First off, I suggest making a raw dump of the original repository, piped through 'gzip' which will make the next few steps faster.  Naturally, if anyone commits things to the old repository after this point those changes won't be migrated.  So you will want to address that issue by limiting access to the original repository, or work on the repository in sections and periodically update your raw dump to capture new changes before you start on the next section.  For our purposes, we simply said "these particular projects are off-limits until Thursday" and worked on a set of projects each week.

Note: all of the following is a single command.

# svnadmin dump --quiet /path/to/svn-repo |
gzip > /path/to/svn-raw-dump-svn-repo.may2011.dump.gz

That will create a .gz file that is about 30-50% larger then the old repository.  Our gzip'd dump file ended up at 44% larger (26GB vs 18GB).  Without gzip, the uncompressed dump file would have been a lot larger (between 5x and 6x larger then the gzip'd file).  The main benefits are that it gives you a static source to work with, shortens up the later command lines slightly, and it's easier to see how all this works if you do it bit by bit.  You'll probably want to also copy that .gz file off to permanent archival storage after this is all done. 

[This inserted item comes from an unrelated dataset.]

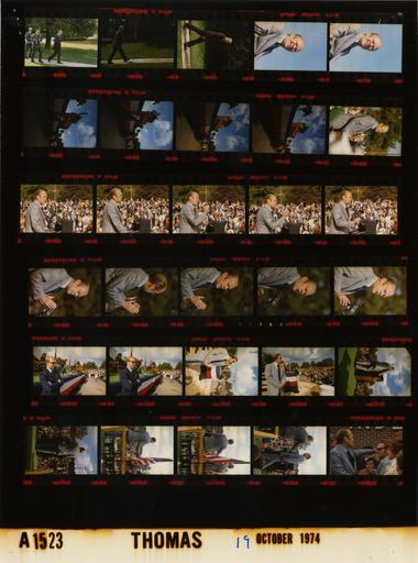 Keywords: Ford A1523 NLGRF photo contact sheet (1974-10-17)(Gerald Ford Library).jpg White House Photographic Office WHPO is housed at the Gerald R Ford Presidential Library a branch of the National Archives and Records Administration NARA <br/><br/> This file is a 200 dpi photo contact sheet having images from roll of film A1523 of the August 9 1974 - January 20 1977 Gerald R Ford White House Photographic Office Series A0001-A9999 and B0001-B2886 photographs <br/><br/> The date on the photo contact sheet is the date the roll of film was processed not necessarily the date the photographs were taken See table below for additional details 1974-10-17 Gerald R Ford Presidential Library Image http //www fordlibrarymuseum gov/library/whphotos/A1523_NLGRF jpg A1523_NLGRF jpg from http //www fordlibrarymuseum gov/library/whphotos/19741017whpo pdf White House Photographs October 17 1974 of the http //www fordlibrarymuseum gov/Library/whphotos/whpo asp White House Photographic Collection page White House Photographic Office WHPO - Thomas PD-USGov Institution Institution Gerald R Ford Presidential Library Table wikitable sortable + Photo contact sheet A1523 U S President Ford Administration Gerald R Ford Library Frame s Tone Subject proper Subject generic Names Geographic Location Photographer Date - 3A Color Following Appearance Before Subcommittee on Criminal Justice walking towards Oval Office smiling GRF Barrett Keiser Sidewalk Between South Driveway and Oval Office Thomas 1974-10-17 - 4A-5A 0 0 Color Following Appearance Before Subcommittee on Criminal Justice Roll A1485 Does Not Exist Roll A1500 Does Not Exist walking towards Oval Office GRF Sidewalk Between South Driveway and Oval Office Thomas 1974-10-17 - 6A-7A Color Arrival for Campaign Trip in South Carolina - Greenville South Carolina smiling -head and shoulder portrait s taken from low angle GRF Greenville SC Greenville/Spart anburg Jet Airport Thomas 1974-10-19 - 8A-9A Color Dedication Ceremony for Anderson Independent and Daily Mail Building -Anderson South Carolina GRF at podium waving GRF Platform Guests Anderson SC Anderson Independent and Daily Mail Building -Outside Thomas 1974-10-19 - 10A-11A Color Dedication Ceremony for Anderson Independent and Daily Mail Building -Anderson South Carolina GRF speaking at podium GRF Platform Guests Anderson SC Anderson Independent and Daily Mail Building -Outside Thomas 1974-10-19 - 12A-17A Color Dedication Ceremony for Anderson Independent and Daily Mail Building -Anderson South Carolina GRF speaking at podium gesturing; crowd in background GRF Crowd Anderson SC Anderson Independent and Daily Mail Building -Outside Thomas 1974-10-19 - 18A-22A Color Dedication Ceremony for Anderson Independent and Daily Mail Building -Anderson South Carolina speaking at podium gesturing GRF Anderson SC Anderson Independent and Daily Mail Building -Outside Thomas 1974-10-19 - 23A-26A Color Dedication Ceremony for Anderson Independent and Daily Mail Building -Anderson South Carolina GRF and Guests in background; agents in foreground GRF Platform Guests Secret Service Anderson SC Anderson Independent and Daily Mail Building -Outside Thomas 1974-10-19 - 27A-30A Color Dedication Ceremony for Anderson Independent and Daily Mail Building -Anderson South Carolina GRF at podium speaking back to camera; crowd in background GRF Crowd Anderson SC Anderson Independent and Daily Mail Building -Outside Thomas 1974-10-19 - 31A Color Dedication Ceremony for Anderson Independent and Daily Mail Building -Anderson South Carolina handshaking GRF Platform Guest Anderson SC Anderson Independent and Daily Mail Building -Outside Thomas 1974-10-19 - 32A Color Dedication Ceremony for Anderson Independent and Daily Mail Building -Anderson South Carolina greeting handshaking GRF Crowd Anderson SC Anderson Independent and Daily Mail Building -Outside Thomas 1974-10-19 Gerald R Ford Presidential Library and Museum-cooperation PD-USGov Contact sheets by the Ford White House October 1974 |

(bzip2 would have created a 15-20% smaller file, but it also would have taken 2x-3x longer to create the file.  As it is, the CPU was the bottleneck for creating this initial dump file and is the bottleneck in some other steps as well.)

Step 2: Filtering the dump file

This process breaks out the single project directory that we want and puts it in its own dump file.  We will repeat this command once for every project that we're breaking out to a separate repository.  We drop any empty revisions and renumber those that remain during this set.  It will renumber the revisions starting at 1 and the new file will end up with a much lower revision count.  We're not adjusting the paths within the repository during this step.


# gunzip -c /path/to/svn-raw-dump-svn-repo.may2011.dump.gz |
svndumpfilter include --quiet --drop-empty-revs  --renumber-revs 
A/ClientA/ProjectA1 > /var/svn/svn-raw-ClientA-ProjectA1.dump

Notes:
- Leave the leading '/' off of the path that you want to include.
- Leave the trailing '/' off of the path that you want to include.

Running a search on the new dump file reveals the new revision numbers.

# grep 'Revision-number' /var/svn/svn-raw-ClientA-ProjectA1.dump
...
Revision-number: 60
Revision-number: 61
Revision-number: 62

Note that if you attempt to load the project-specific dump file into a new repository at this point it will fail.  That is because the parent directories do not exist in the repository that you are loading into.  But if you create those parent folders, you can then import the dump file into the new repository at this point.  I suggest creating a new scratch repository with "svnadmin create /var/svn/ProjectA-Test1", create the necessary parent folders, then do a "svnadmin load /path/to/repo < /path/to/dump" to verify that you understand this step.


Step 3: Re-basing the project

Note: Depending on how many folder renames are in your original repository, you may have lots of trouble with the following.  In which case you should skip this and just load the dump file into the new repository without re-basing the paths.  Don't forget to change the UUID on the new repositories after loading.

The next step is to move A/ClientA/ProjectA1 back to the root of the repository during the import process.  We will do this by editing the dump file with 'sed' before loading it back in.  In the dump file, there are two types of lines that contain path information.  One starts with 'Node-path:' and the other starts with 'Node-copyfrom-path:'.  This is how 'svnadmin load' keeps track of what goes where in the repository tree.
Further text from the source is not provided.